In this study, we found that miR-23a/b levels were consistently upregulated in gastric cancer tissues. Subsequently, we showed that miR-23a/b enhanced tumor growth in a gastric cancer xenograft mouse model. Furthermore, we identified potential target genes of miR-23a/b and found that miR-23a/b inhibit the apoptosis of gastric cancer cells by directly targeting an important tumor suppressor, programmed cell death 4 (PDCD4).
Results
miR-23a/b are upregulated in gastric cancer tissues
We first determined the expression patterns of miR-23a/b in human gastric cancer tissues. By measuring the expression levels of miR-23a/b in 10 pairs of gastric cancer tissues and normal adjacent tissues with quantitative RT-PCR, we found that miR-23a/b levels were consistently increased in gastric cancer tissues compared with non-cancerous tissues (Figure 1). Moreover, we downloaded the miRNA expression data from The Cancer Genome Atlas (TCGA) website and analyzed the expression profiles of miR-23a/b in 42 normal tissues and 476 gastric cancer tissues. The results indicated again that miR-23a/b were upregulated in gastric cancer tissues (Supplementary Figure 1).

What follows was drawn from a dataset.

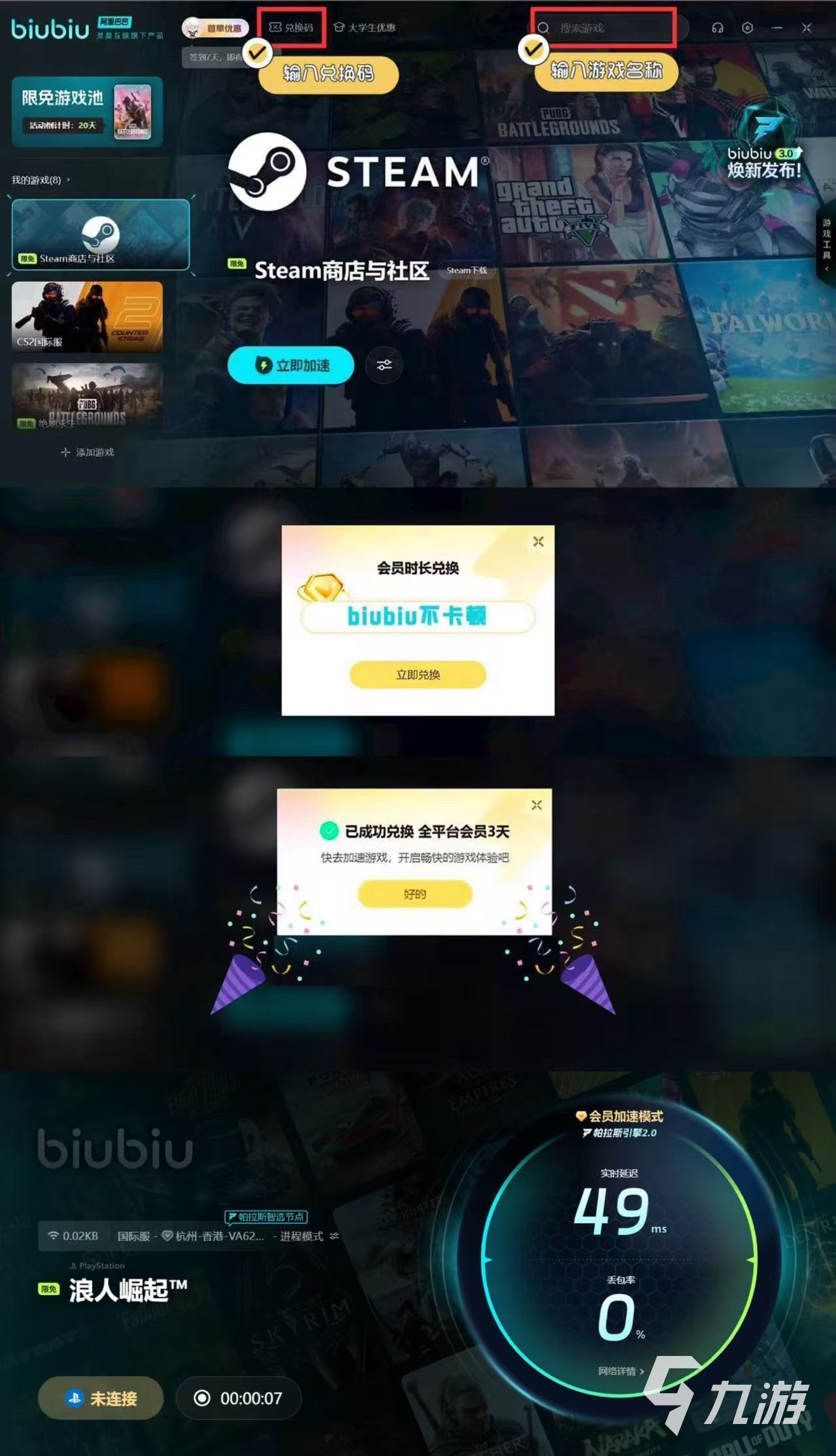 雖然說游戲是單機版的游戲,不需要聯(lián)網(wǎng)就能體驗,不過游戲只能通過ps來登陸,在連接上難免會有不穩(wěn)定的情況。想要加快游戲通關(guān)速度,可以試下biubiu這款加速器,更何況在加速器上能通過口令“biubiu不卡頓”能領(lǐng)取到3天的加速時間,新用戶注冊并登陸的話能直接獲得3h的加速。如果說玩家對于游戲玩法足夠熟練的話,基本上能覆蓋整個流暢,甚至是來一次二周目。

Prediction of PDCD4 as a target gene of miR-23a/b
To explore the molecular mechanism by which miR-23a/b contributes to gastric cancer progression, three computational algorithms, TargetScan,18 PicTar19 and miRanda,20 were used in combination to search for potential targets of miR-23a/b. Among the candidates, PDCD4, a potent tumor suppressor gene that is frequently downregulated in human cancers,21, 22 was predicted to be a miR-23a/b target by all three of the algorithms and was selected for further experimental verification. The predicted interaction between miR-23a/b and the target site in the PDCD4 3′-UTR is illustrated in Figure 2a. The 3′-UTR of PDCD4 contains one conserved binding site for miR-23a/b. There was perfect base-pairing between the seed region (the seed sequence that encompasses the first 2–8 bases of the mature miRNA 5′ end) and the cognate target. The minimum free energy value of the hybrid was −22.1 kcal/mol, which is well within the range of genuine miRNA-target pairs.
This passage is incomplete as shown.